=== Begin Enclosure ===
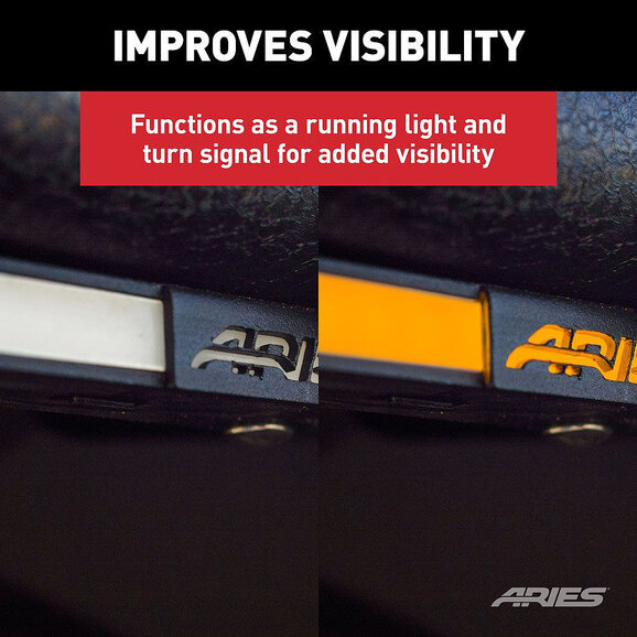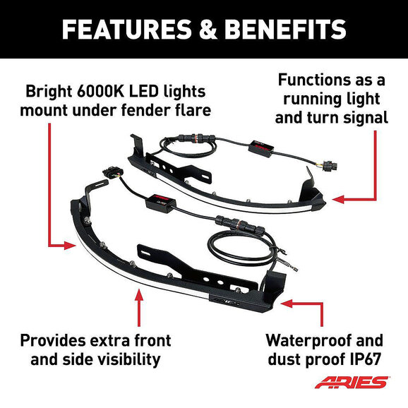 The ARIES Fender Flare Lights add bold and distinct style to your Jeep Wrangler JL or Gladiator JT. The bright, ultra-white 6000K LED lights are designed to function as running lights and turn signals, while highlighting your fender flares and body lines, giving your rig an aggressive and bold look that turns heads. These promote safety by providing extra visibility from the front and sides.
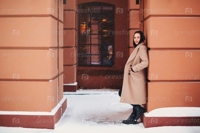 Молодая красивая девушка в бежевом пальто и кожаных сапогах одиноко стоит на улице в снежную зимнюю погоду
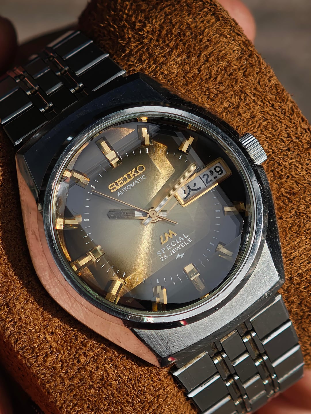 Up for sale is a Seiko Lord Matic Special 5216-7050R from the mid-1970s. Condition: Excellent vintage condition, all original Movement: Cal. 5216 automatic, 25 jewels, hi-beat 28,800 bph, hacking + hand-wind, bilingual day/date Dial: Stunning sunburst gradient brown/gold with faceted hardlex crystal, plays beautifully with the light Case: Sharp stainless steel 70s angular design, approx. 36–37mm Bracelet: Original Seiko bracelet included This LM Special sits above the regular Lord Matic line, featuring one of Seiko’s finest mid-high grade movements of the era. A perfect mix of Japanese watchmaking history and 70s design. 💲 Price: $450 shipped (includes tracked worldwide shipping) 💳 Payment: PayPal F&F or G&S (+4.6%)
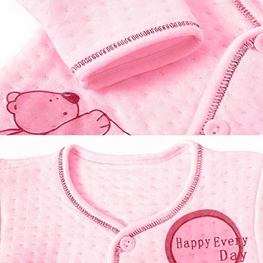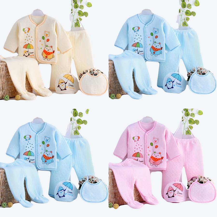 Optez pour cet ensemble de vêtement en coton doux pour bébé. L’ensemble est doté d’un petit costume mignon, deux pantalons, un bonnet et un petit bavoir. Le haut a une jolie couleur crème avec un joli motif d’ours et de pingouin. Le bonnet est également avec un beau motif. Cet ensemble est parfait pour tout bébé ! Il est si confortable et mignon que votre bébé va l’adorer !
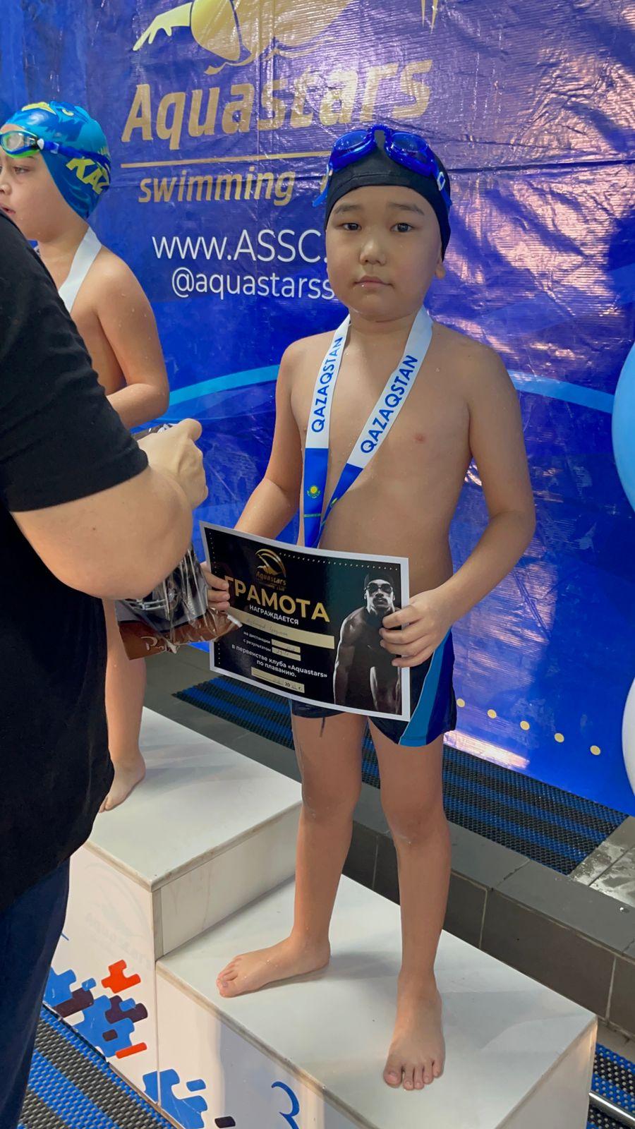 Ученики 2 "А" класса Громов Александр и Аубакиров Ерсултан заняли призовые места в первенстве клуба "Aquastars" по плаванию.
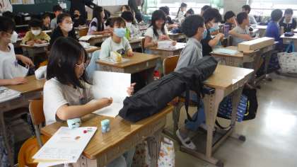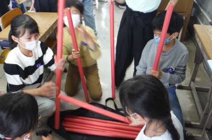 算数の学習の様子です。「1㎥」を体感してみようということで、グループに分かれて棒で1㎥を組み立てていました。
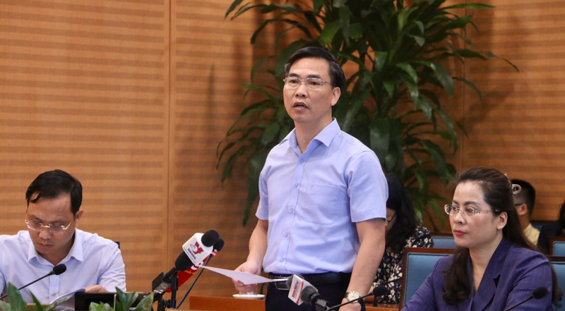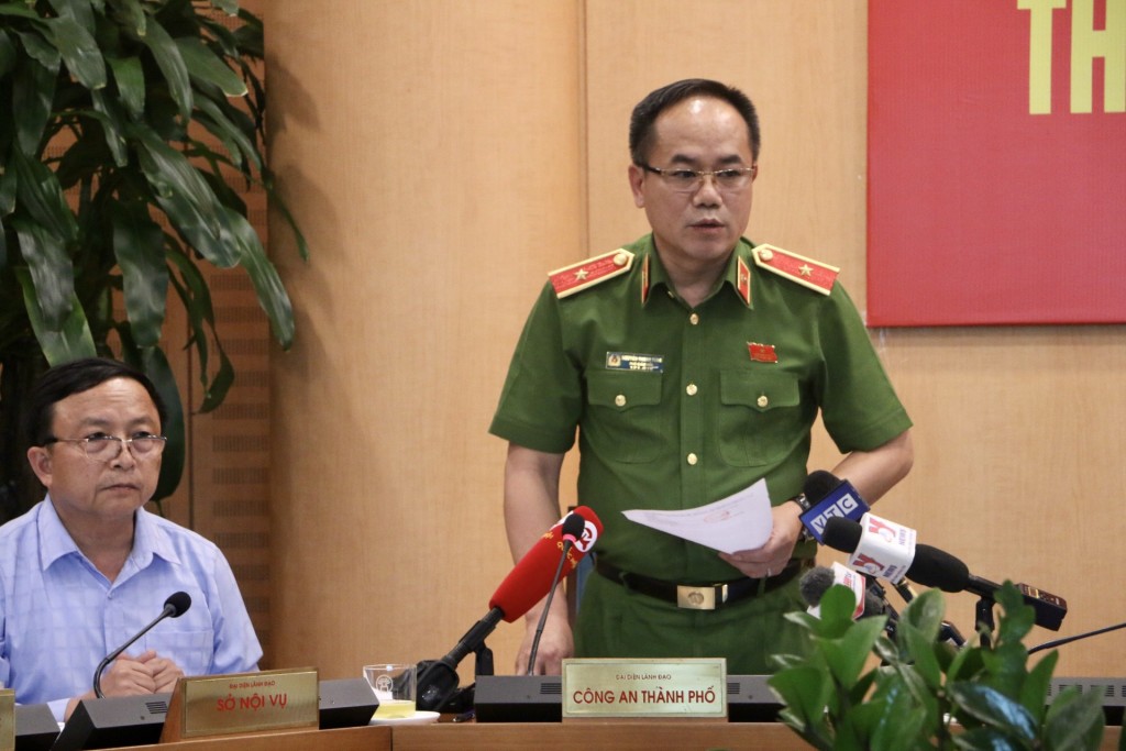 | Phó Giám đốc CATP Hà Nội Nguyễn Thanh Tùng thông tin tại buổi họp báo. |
=== End Enclosure ===
=== Begin Enclosure ===
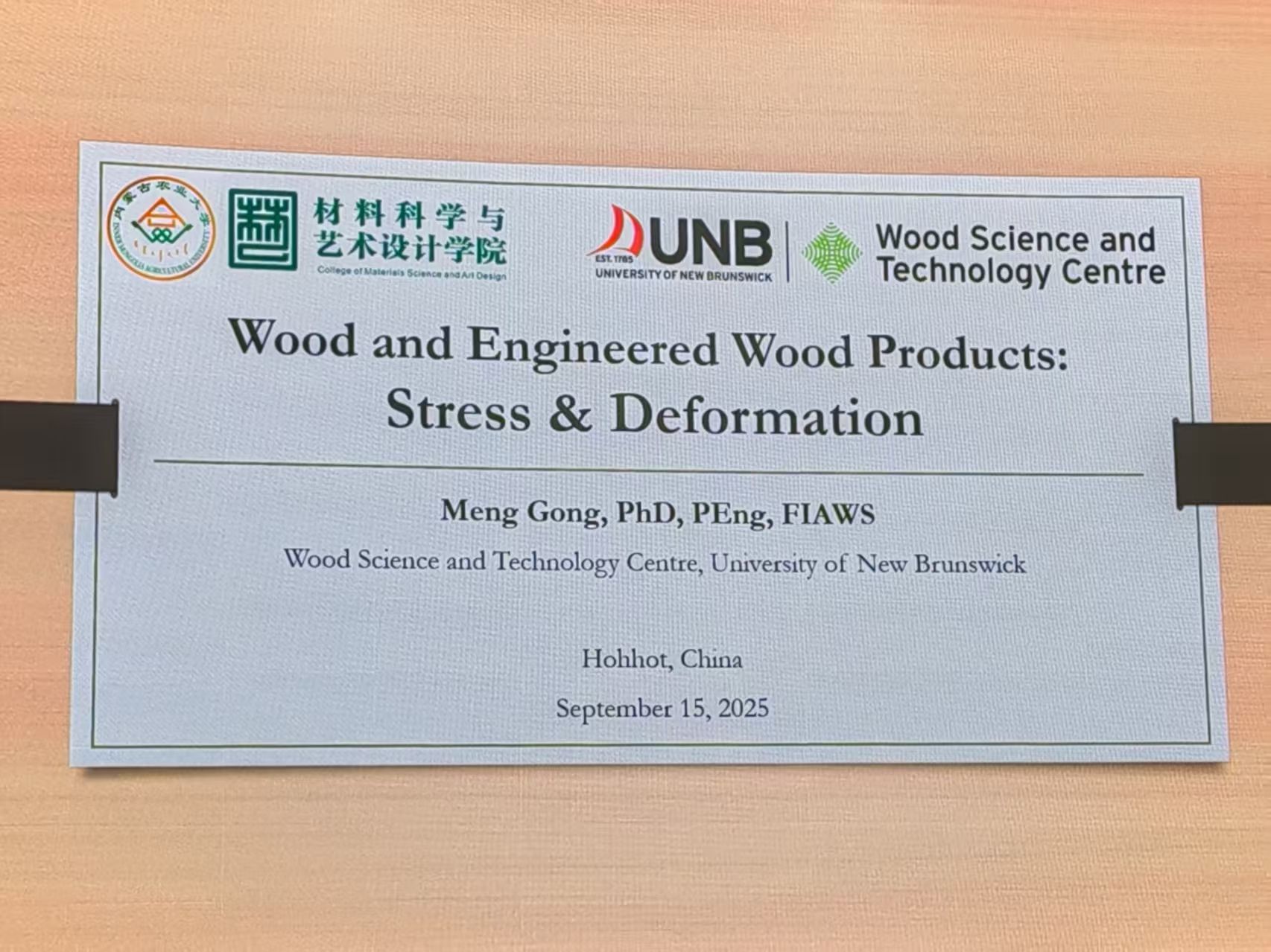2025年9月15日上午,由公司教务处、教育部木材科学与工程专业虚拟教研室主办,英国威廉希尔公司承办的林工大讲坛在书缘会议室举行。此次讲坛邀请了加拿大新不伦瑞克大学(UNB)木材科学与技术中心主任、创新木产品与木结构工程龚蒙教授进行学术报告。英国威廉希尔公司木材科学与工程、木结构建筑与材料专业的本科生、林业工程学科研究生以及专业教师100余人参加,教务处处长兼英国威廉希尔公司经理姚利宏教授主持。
=== End Enclosure ===
--- Try it ---
Using the data above, copy exactly the lines from the one containing "The ARIES Fender" to the one containing "Up for sale", inclusive. Exclude the pictures.

--- Written reply ---
 The ARIES Fender Flare Lights add bold and distinct style to your Jeep Wrangler JL or Gladiator JT. The bright, ultra-white 6000K LED lights are designed to function as running lights and turn signals, while highlighting your fender flares and body lines, giving your rig an aggressive and bold look that turns heads. These promote safety by providing extra visibility from the front and sides.
 Молодая красивая девушка в бежевом пальто и кожаных сапогах одиноко стоит на улице в снежную зимнюю погоду
 Up for sale is a Seiko Lord Matic Special 5216-7050R from the mid-1970s. Condition: Excellent vintage condition, all original Movement: Cal. 5216 automatic, 25 jewels, hi-beat 28,800 bph, hacking + hand-wind, bilingual day/date Dial: Stunning sunburst gradient brown/gold with faceted hardlex crystal, plays beautifully with the light Case: Sharp stainless steel 70s angular design, approx. 36–37mm Bracelet: Original Seiko bracelet included This LM Special sits above the regular Lord Matic line, featuring one of Seiko’s finest mid-high grade movements of the era. A perfect mix of Japanese watchmaking history and 70s design. 💲 Price: $450 shipped (includes tracked worldwide shipping) 💳 Payment: PayPal F&F or G&S (+4.6%)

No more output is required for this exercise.